Densho Digital Archive
Densho Visual History Collection
Title: Chiye Tomihiro Interview
Narrator: Chiye Tomihiro
Interviewer: Becky Fukuda
Location: University of California, Los Angeles
Date: September 11, 1997
Densho ID: denshovh-tchiye-01-0011

<Begin Segment 11>

BF: So after you were the witness chair, what became your new responsibilities or your additional responsibilities for the redress?

CT: Well, then I became chair of the redress committee. Actually, I was a co-chair with a Jewish fellow, who's married to a Nisei friend of mine. But you know, after a while it -- he wasn't too keen on monetary redress, and so I ended up doing most of it alone. He'd help me by helping me carry the slide projector or something like that, but he didn't do the talking or anything like that. And I also put a slide show together with all these pictures of camp and the evacuation, you know, there were a number of photos available. So I put a slide show together, because I felt that pictures can -- it's like a thousand words. People, when people saw this they reacted, and so I always took this little slide show with me and talked to groups.

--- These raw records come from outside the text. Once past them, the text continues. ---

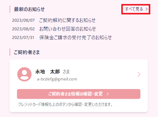 トップ画面の上部の「最新のお知らせ」から「すべて見る>」でご確認いただけます。
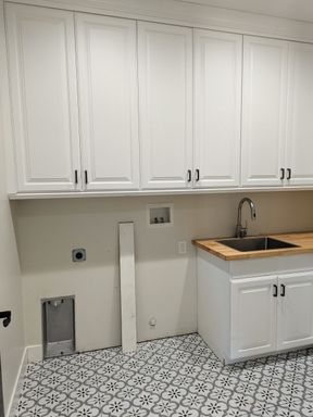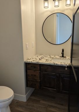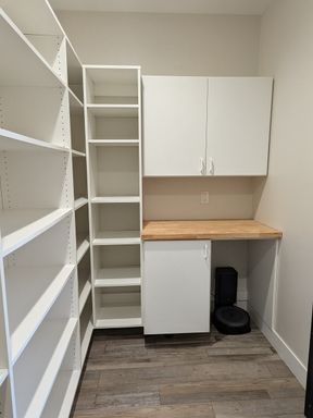 Additional features throughout the home include central vacuum, a dedicated office, mudroom area, and built-in closet organizers in the bedrooms for added storage and organization. The bathrooms feature modern floating cabinets for a clean, contemporary look.
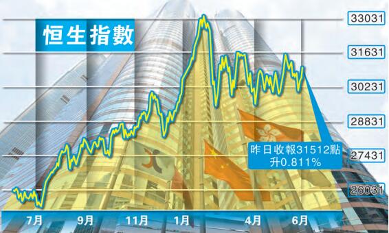意大利及西班牙政局自上周末起暫轉穩定,市場對歐債危機重燃的憂慮紓緩,環球金融市場避險情緒明顯降溫。美國勞工部上周五發布的5月就業市場數據增加投資人對美國經濟基礎強化的信心,配合市場普遍對美國企業盈利前景樂觀,不單支撐美股表現,亦促進部分資金開始回流港股的意欲。此外,人民銀行釋放出穩定市場流動性信號,預期有助恒指短期內反覆上試32000大關。
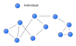 The density of a given social network is found by dividing the number of all existing links between the actors by the number of potential links within the same set of actors.[2] The higher the resulting number, the denser a network is. Dense networks are most likely to be found in small, stable communities with few external contacts and a high degree of social cohesion. Loose social networks, by contrast, are more liable to develop in larger, unstable communities that have many external contacts and exhibit a relative lack of social cohesion.[3]
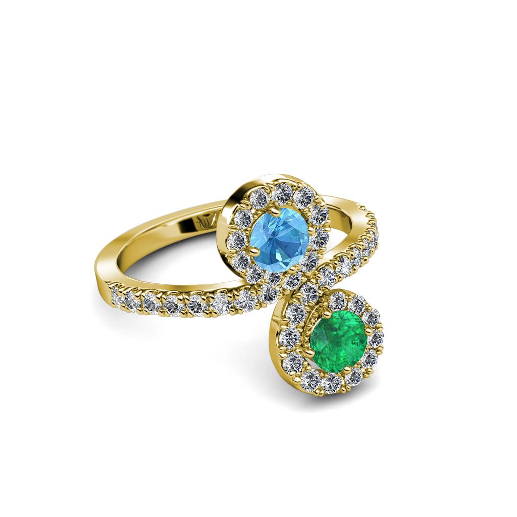 A divine symbol of togetherness, where one stone represents love and one friendship while each end of the ring swirls around the marvelous combination of Emerald & Blue Topaz meeting above and below, rather than in the center.
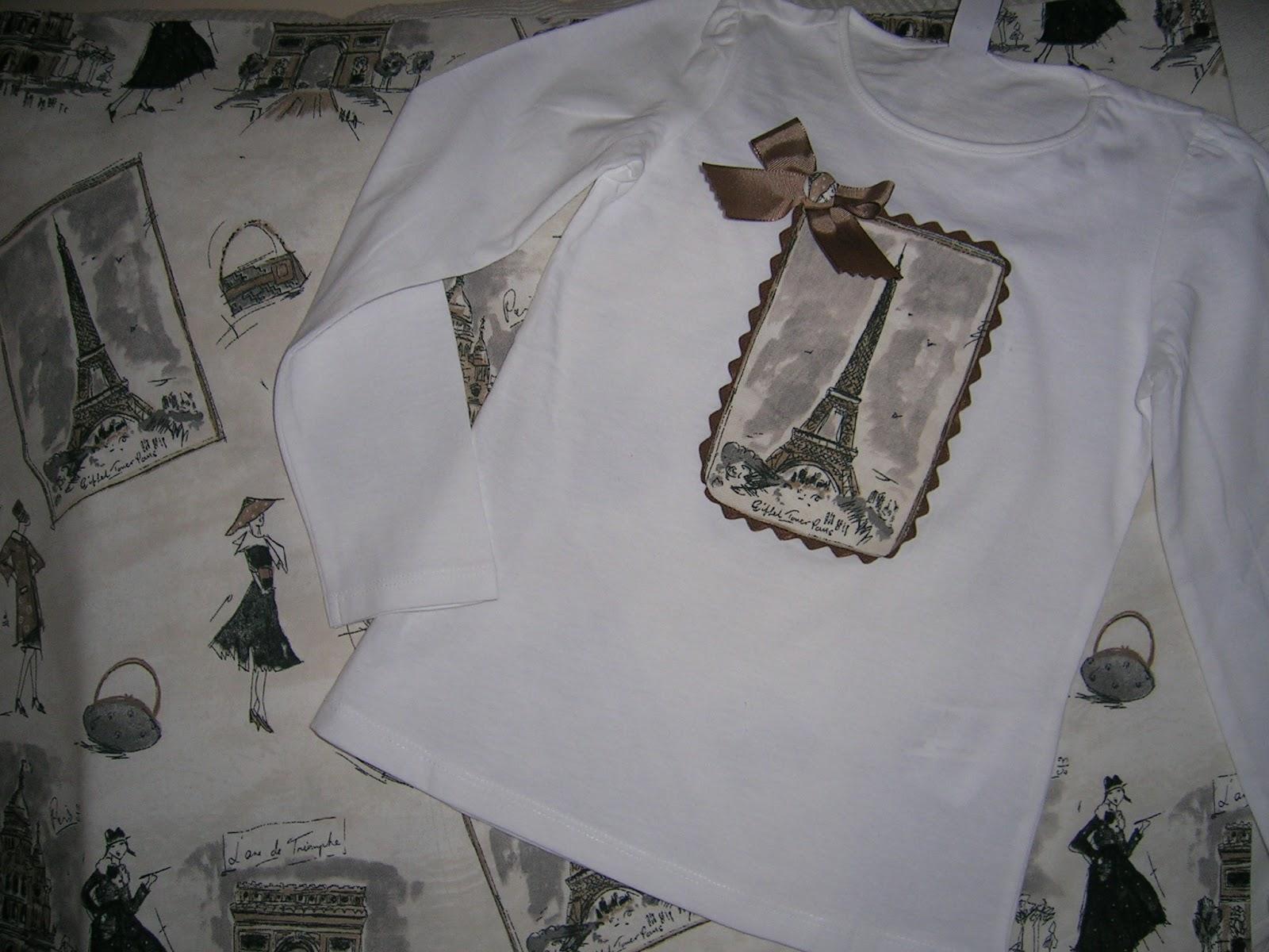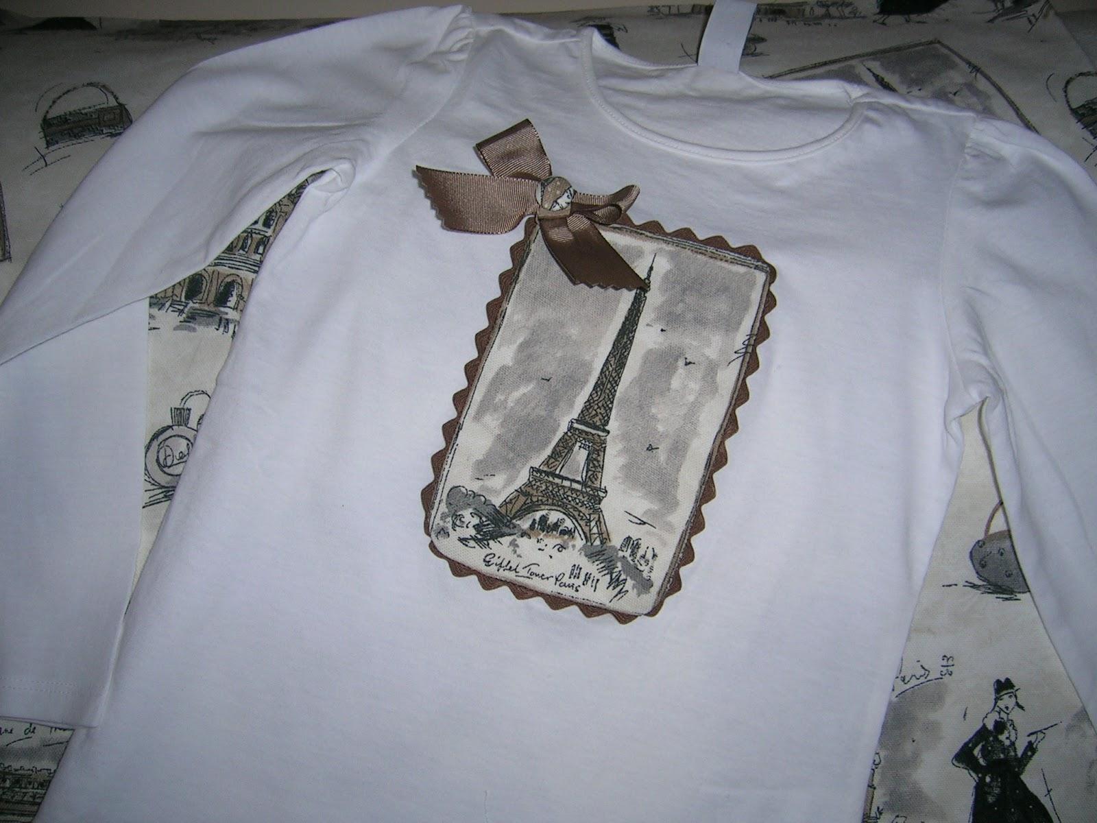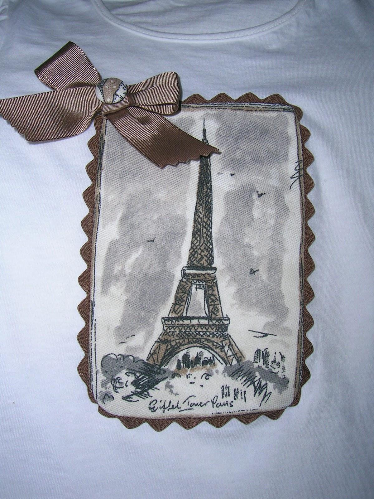 Y ahora, una foto del detalle de la aplicación con la Torre Eiffel. Como podéis ver, esta vez le ha añadido al lazo un botón forrado con la misma tela que adorna la camiseta.
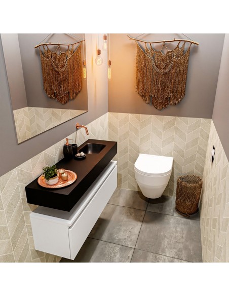 ANDOR Komplet badmiljø højrevendt håndvask B100 cm MDF - Talkum/Sort
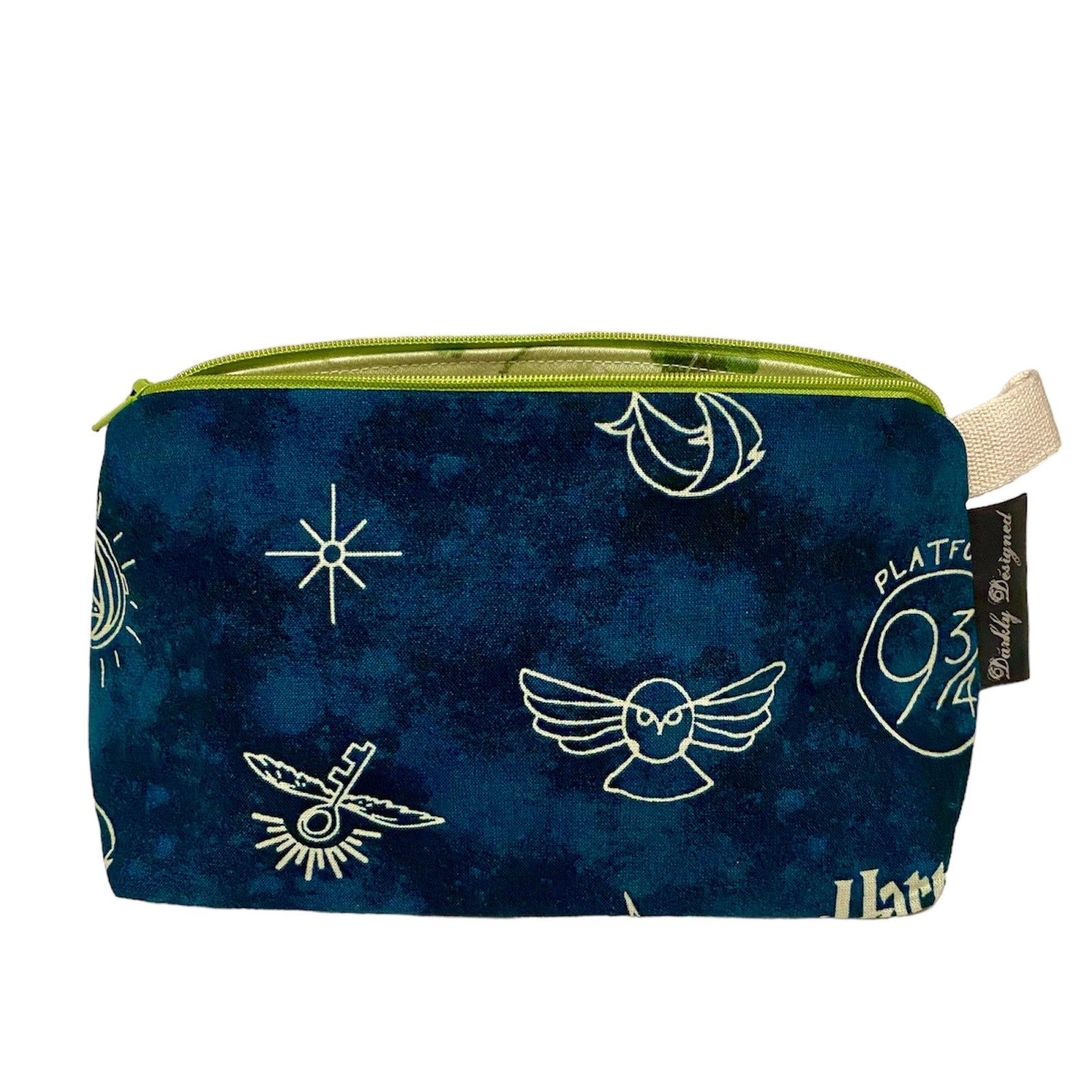 The bags average measurements are 9” long x 3.5” wide and 5” tall, and conveniently folds flat when not in use (perfect for packing!). Machine washable, hang to dry.

BF: So as the, as the chair in Chicago of the redress movement for JACL, was there a different strategy employed in the Midwest, as opposed to say on the West Coast, where there's a much larger group of Asians?

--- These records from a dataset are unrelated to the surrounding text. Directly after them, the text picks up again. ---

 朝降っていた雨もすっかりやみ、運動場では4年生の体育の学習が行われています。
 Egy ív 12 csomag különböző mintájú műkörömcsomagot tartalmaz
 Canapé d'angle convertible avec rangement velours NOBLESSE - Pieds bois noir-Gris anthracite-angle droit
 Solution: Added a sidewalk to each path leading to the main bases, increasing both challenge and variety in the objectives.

CT: Well, yeah, there had to be, because we had to ask other groups to help. And like being a group like the American Jewish Committee, and we had an Illinois ethnic consultation, and churches where Nisei were members, I mean, all of these groups -- we had to ask them for help. And that's the way we got support of many of the people.

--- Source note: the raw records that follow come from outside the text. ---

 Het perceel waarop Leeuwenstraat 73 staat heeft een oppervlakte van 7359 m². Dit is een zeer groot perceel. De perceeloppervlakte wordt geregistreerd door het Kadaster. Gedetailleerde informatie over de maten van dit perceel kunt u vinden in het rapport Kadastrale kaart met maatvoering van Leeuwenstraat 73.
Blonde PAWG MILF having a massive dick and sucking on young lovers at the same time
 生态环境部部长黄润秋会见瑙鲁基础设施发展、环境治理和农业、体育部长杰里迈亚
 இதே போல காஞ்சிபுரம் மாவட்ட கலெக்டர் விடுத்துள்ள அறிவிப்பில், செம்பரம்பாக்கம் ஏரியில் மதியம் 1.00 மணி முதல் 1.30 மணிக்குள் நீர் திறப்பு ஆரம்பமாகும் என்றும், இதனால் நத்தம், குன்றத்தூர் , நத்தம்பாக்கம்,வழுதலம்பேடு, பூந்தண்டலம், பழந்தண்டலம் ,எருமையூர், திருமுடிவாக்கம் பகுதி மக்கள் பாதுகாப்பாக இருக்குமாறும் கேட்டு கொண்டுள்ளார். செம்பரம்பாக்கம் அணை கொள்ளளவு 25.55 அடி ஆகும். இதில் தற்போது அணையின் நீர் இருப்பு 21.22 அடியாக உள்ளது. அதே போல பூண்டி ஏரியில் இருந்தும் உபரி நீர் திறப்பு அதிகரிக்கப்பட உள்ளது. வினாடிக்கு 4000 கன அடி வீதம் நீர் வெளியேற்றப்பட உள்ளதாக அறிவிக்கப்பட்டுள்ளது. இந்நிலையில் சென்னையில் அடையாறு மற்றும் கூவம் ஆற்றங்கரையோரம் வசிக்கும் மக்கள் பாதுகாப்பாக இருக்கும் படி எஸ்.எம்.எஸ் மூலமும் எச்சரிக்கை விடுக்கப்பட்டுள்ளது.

BF: By building these coalitions?

CT: Yes, yes.

BF: So do you, in, kind of in retrospect, do you feel as though it, maybe in the Midwest there was a little bit more educating going on of non-Nikkei, in particular?

CT: Oh yes, absolutely. Well, you know in 1967, I did this exhibit of twenty-five years since the evacuation. I put this exhibit together, and I had some of the artifacts of things that people made in camp, and photos, Toyo Miyatake's photos that he did. You know, he took those pictures with a camera he made inside, inside camp, because cameras were contraband. But I had those photos, I had Mine Okubo's cartoons of the camps and then I thought, "Gee, it'd be interesting if we showed the papers, newspapers." So I went to the library and here's this little article -- that big -- saying "120,000 Japanese..." that's all. That's all that was in the paper.

BF: That was the sole announcement of the internment.

CT: Yeah, right, right.

BF: So, you had your work cut out for you.

CT: But it was interesting. I loved doing exhibits, I was, I did a Chicago supplement to the Strength and Diversity exhibit -- you've heard of that exhibit -- and then I also did the Chicago supplement to the More Perfect Union Smithsonian exhibit we had. That's what I love to do.

BF: So the work goes on.

CT: Oh yes. Oh yes. We're plugging away all the time.